* Instructions to follow
Leave out the pictures and set down the rest of the listing below word for word.

### Supplied material ###

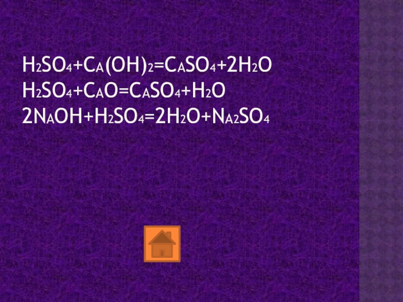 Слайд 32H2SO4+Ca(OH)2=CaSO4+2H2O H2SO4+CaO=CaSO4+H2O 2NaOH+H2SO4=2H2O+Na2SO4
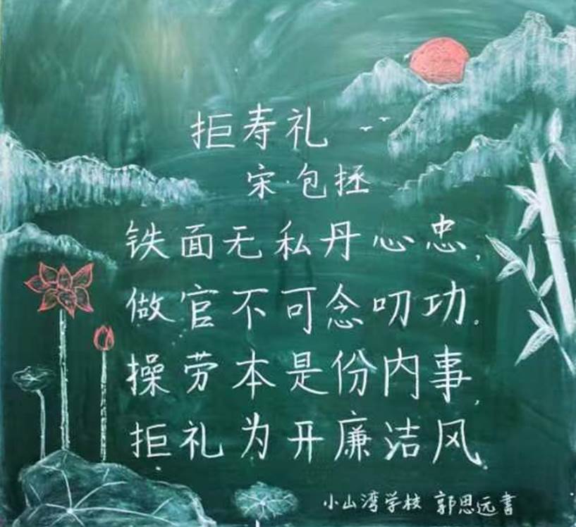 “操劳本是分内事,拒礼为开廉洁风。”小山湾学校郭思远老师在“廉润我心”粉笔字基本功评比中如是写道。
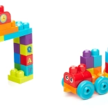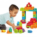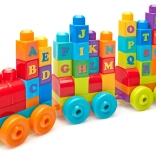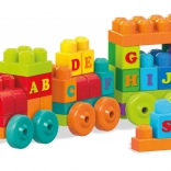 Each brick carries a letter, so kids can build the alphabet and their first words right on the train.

###

* Exercise result
 Слайд 32H2SO4+Ca(OH)2=CaSO4+2H2O H2SO4+CaO=CaSO4+H2O 2NaOH+H2SO4=2H2O+Na2SO4
 “操劳本是分内事,拒礼为开廉洁风。”小山湾学校郭思远老师在“廉润我心”粉笔字基本功评比中如是写道。
 Each brick carries a letter, so kids can build the alphabet and their first words right on the train.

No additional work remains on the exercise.